Chay Lapin

Personal information
- Born: Chay Thomas Lapin February 25, 1987 (age 39) Fountain Valley, California
- Height: 6 ft 6 in (1.98 m)

Sport
- Country: United States
- Sport: Water Polo

Medal record
Men's water polo
Representing the United States
Pan American Games
| Gold medal – first place | 2011 Guadalajara | Team competition |

= Chay Lapin =

American water polo player (born 1987)

Chay Thomas Lapin (born February 25, 1987) is an American water polo goalkeeper. While playing at the University of California, Los Angeles, he set the school's all-time saves record. He also played for the United States national team at the 2012 Summer Olympics.

==Career==

===High school===
Lapin played water polo at Long Beach Wilson High School from 2001 to 2004. In 2004, he was named to the California-Hawaii All-America first team and was also named the CIF player of the year.

===College===
Lapin then went to UCLA, where he redshirted the 2005 season. In 2006, he started 15 games at goalkeeper and had a 4.87 goals against average. The following year, he started 21 games, had a 6.90 goals against average, and was named to the ACWPC All-America third team.

Lapin started 23 games in 2008. He had 206 saves and a 6.35 goals against average.

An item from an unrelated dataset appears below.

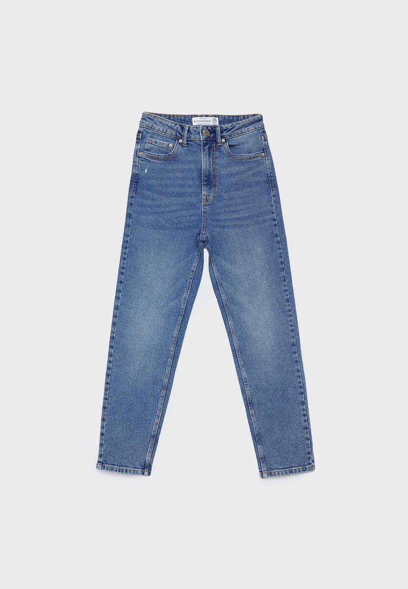 Slim Fit Mom Jeans med superhøy midje og fem lommer. Glidelås og metallknapp øverst.

In 2009, he started 24 games, made 205 saves, and had a 4.82 goals against average. His performance helped UCLA win the MPSF Tournament and reach the finals of the NCAA Championship that year. Lapin was named to the ACWPC All-America second team. He finished his college career with 719 total saves, which set a school record.

===International===
Lapin was a backup goalkeeper for the U.S. national team at the 2011 and 2012 FINA World League Super Finals. Both times, the U.S. finished in fourth place. He was also a member of the U.S. men's team that earned gold in water polo at the 2011 Pan-American games. At the 2012 Summer Olympics, he made eight saves, and the U.S. placed eighth.

==Personal life==
Lapin was born in Fountain Valley, California, on February 25, 1987. He is 6 feet, 6 and a half inches tall. He resides in Redondo Beach, California.